SituationAssessee, spouse and children (maximum allowed)Parents(maximum allowed)Maximum total cap
Where no one is a senior citizen (above 60 years)Rs.25000Rs. 25000Rs.50000
Where only parents are above 60 yearsRs.25000Rs. 30000Rs. 25000
Where assessee or spouse as well as parents are above 60 yearsRs. 30000Rs. 30000Rs. 60000
Preventive health check up for Rs.5000 is inclusive in above limits and hence can not be allowed over and above these limits.


– Deduction under section 80DD


This deduction is for medical treatment for disability of dependents who have disability of 40%. The deduction is for Rs. 75000 in case of 40% disability, and is enhanced to Rs. 125000, where disability is severe.


– Section 80DDB


This is similar to section 80DD, but this section allows a deduction for treatment of specific critical ailments like dementia, malignant cancers etc. Deduction can be availed for Rs. 40000, however the deduction limit is enhanced for senior and very senior citizens. It is Rs. 60000 for senior citizens and Rs. 80000 for very senior citizens. The only point to remember is to obtain and furnish a doctor’s certificate.


– Section 80E


This deduction is allowed for loan taken for higher education for self, spouse , children only. However, it is restricted to certain conditions as follows.


1. Loan is taken from the financial institutions.


2. Tenure for deduction – 7 years or loan repayment tenure whichever is lesser.


3. Available for higher education in foreign country also.


– Section 80EE


Budget 2016 has come up with this deduction for first time home buyers only. Additional deduction for interest on housing loan up to Rs. 50000 is available under this section. The conditions are that the loan should not exceed Rs. 35 lakh and value of the house should not exceed Rs. 50 lakh.


– Interest on housing loan


This is not s deduction, however, it acts as a reduction of taxable income. Interest on housing loan is a negative income under the head house property. It is allowed to be set off against salary income and hence can be utilized for reducing the tax burden as well. Deduction under section 24 (B) for interest on housing loan for SOP (Self Occupied Property) is Rs. 2 lakh and there is no restriction on such deduction for LOP or DLOP (Let Out or Deemed Let Out Property).


– Section 80GG

This deduction is available only for those who don’t receive House Rent Allowance (HRA) and do not own residential house either. Deduction is allowed to the least of the following.


1. Rent paid – 10% of adjusted total income


2. Rs. 5000 per month


3. 25% of total income


– HRA (House Rent Allowance)


This is an exemption which is allowed only where the employee does not have a house and is staying in the rental accommodation. The exemption allowed to the least of the following.


1. Rent paid – 10% of salary


2. 50% of basic salary (Metro cities) or 40% of basic salary (other cities)


3. Actual HRA received


– Leave Travel Concession (LTC)


This exemption is available for 2 journeys in the block of 4 years. The deduction is for the amount which is limited to the actual expenses incurred for travelling and does not include the total cost of vacations (hotel etc.). Also one more point is that travel to foreign countries is not covered herein. Please refer to the actual exempted amount in LTA/ LTC rules.


– Section 80G


This section covers deduction for the amount donated to certain specified institutes or trusts. The deduction is bifurcated under 3 categories.

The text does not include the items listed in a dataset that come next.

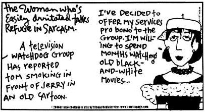 Last month the British press made a stink about cigarette smoking in old Tom & Jerry cartoons. Nicole Hollander even made note of it in her syndicated comic strip Sylvia last Tuesday (excerpt below, see the entire strip here). Now Turner Entertainment is planning to cut those smoking scenes out of all their Tom & Jerry TV prints. Never mind that these cartoons weren’t aimed at kids in the first place, and produced in a time when a cigarette, cigar or pipe in your mouth was as common as a cup of Starbucks in your hand today. I’ve never smoked myself and I am very much against against big tobacco – but I believe it is my right to watch cartoon characters smoke if I want to.On Saturday October 28th, at the AFI in Hollywood, Asifa Hollywood is hosting a special showing of SMOKIN’ TOONS. A special blend of cartoons from the 1940s and 50s, hosted by yours truly Jerry Beck, will screen at 3pm. No smoking permited on the AFI campus, but I guarantee your lungs will ache with laughter! Join us!
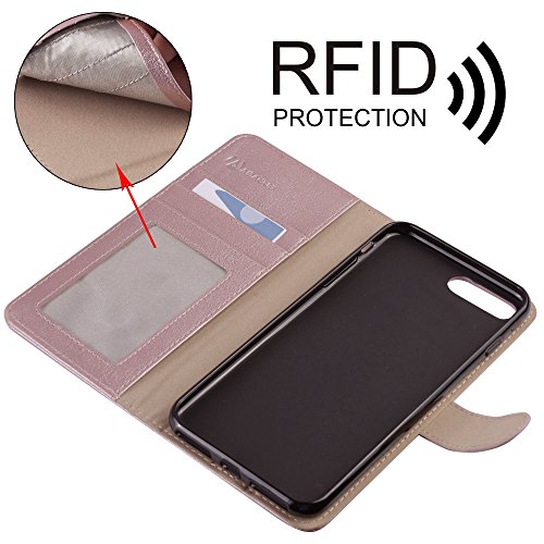 IPhone 8/7 Custodia, Abacus24-7 RFID Blocco Portafoglio con Sopporto Pieghevole e Tasche interne per carte di credito o d'identita - Oro Rosa
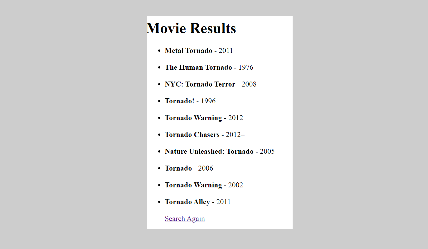 Pass input value from user to IMDB Movie API and return all matching movie data
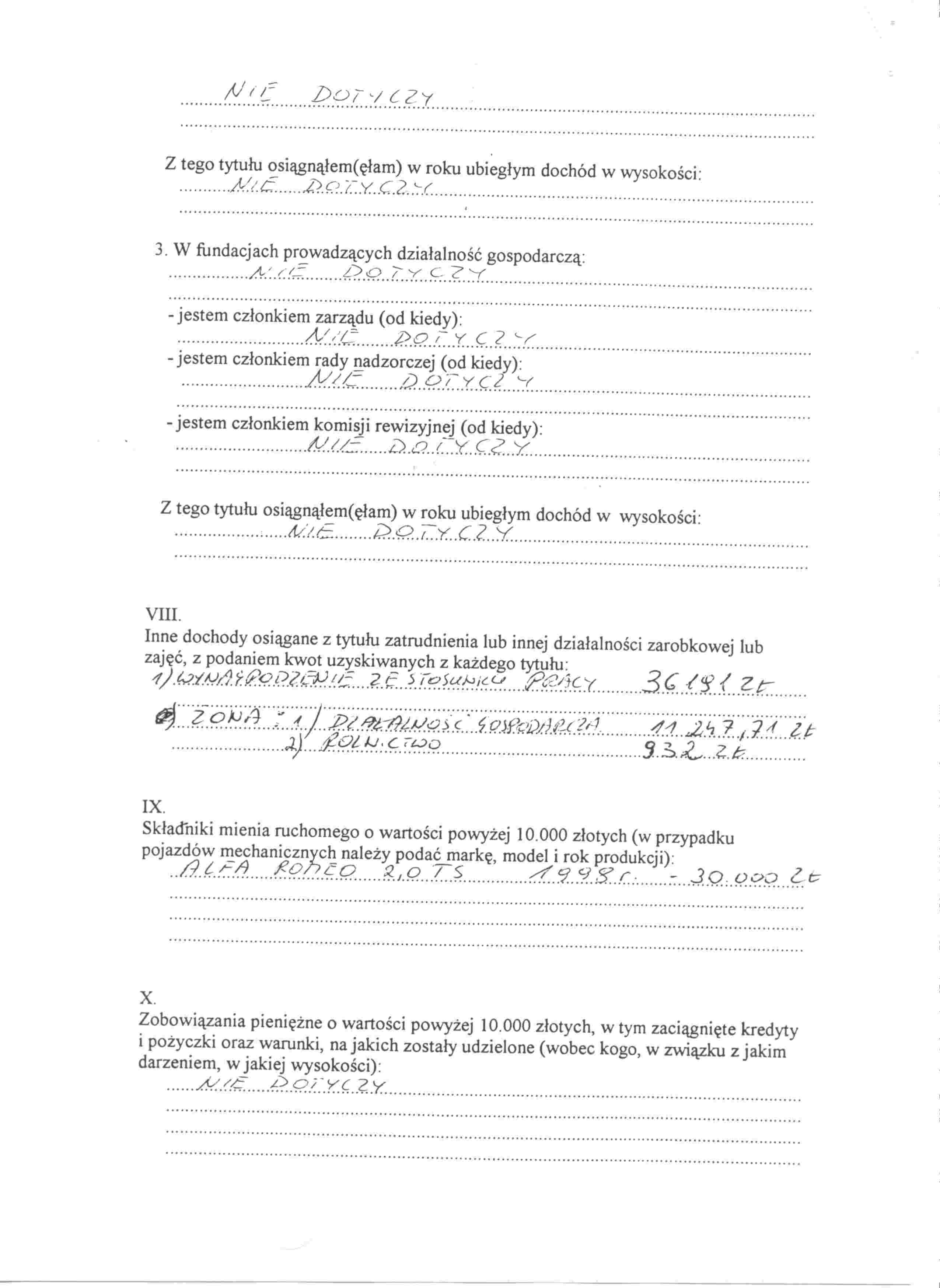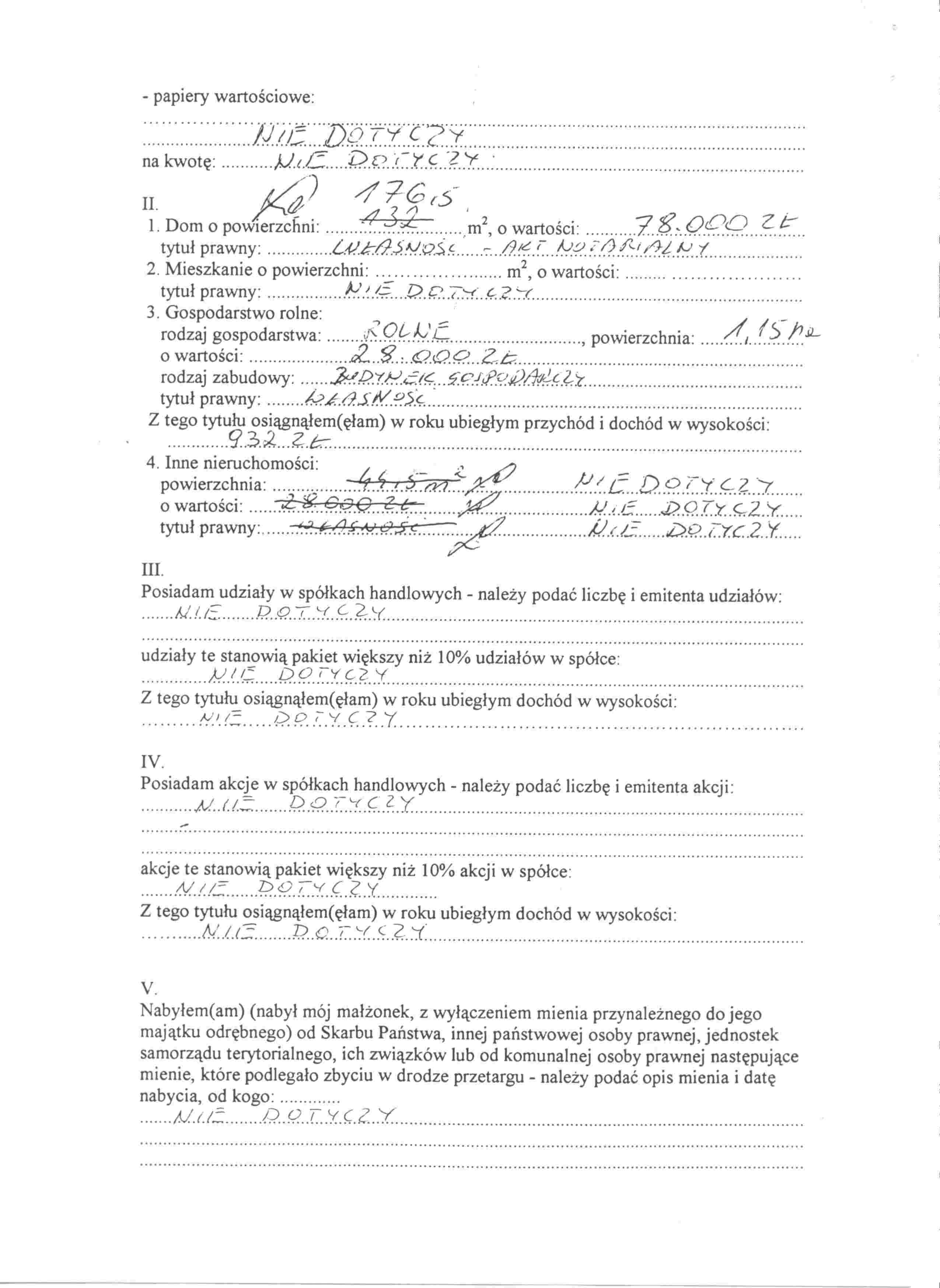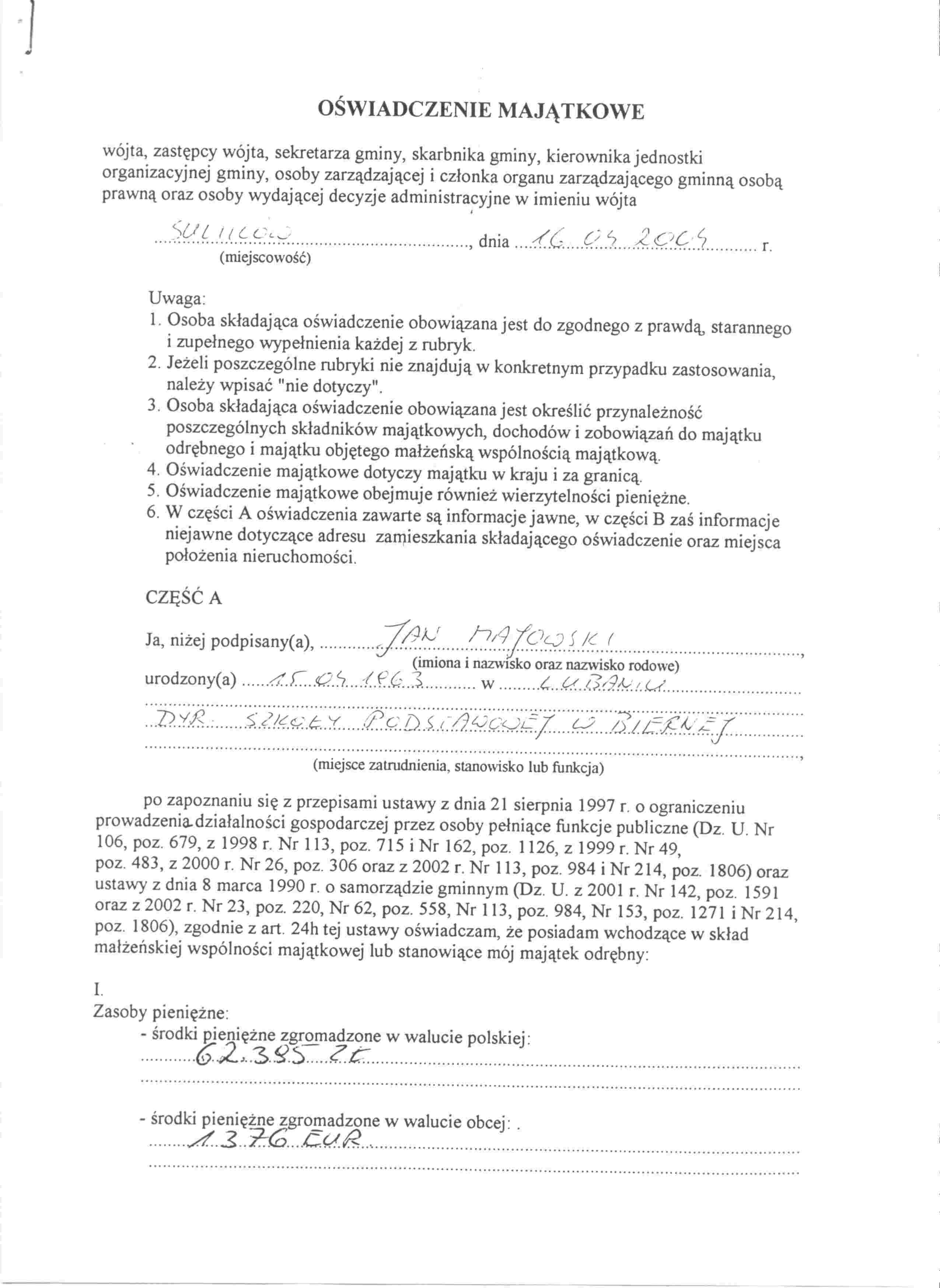 | Skrócony opis: | OŚWIADCZENIE MAJĄTKOWE DYREKTORA SZKOŁY PODSTAWOWEJ W BIERNEJ

1. Donations which are allowed @ 100% of the donated amount.


2. Donations which qualify for 100% of gross adjusted income


3. Donations which qualify for 50% of gross adjusted income


Donations in kind are inadmissible for deduction and remember to receive the receipt which would

substantiate the donation made by you to such trusts.



This article has summarized very important provisions relating to exemptions and deductions from salary income. However, it is better if you could seek the advice of tax expert if you are in hurry, because this is just an outline.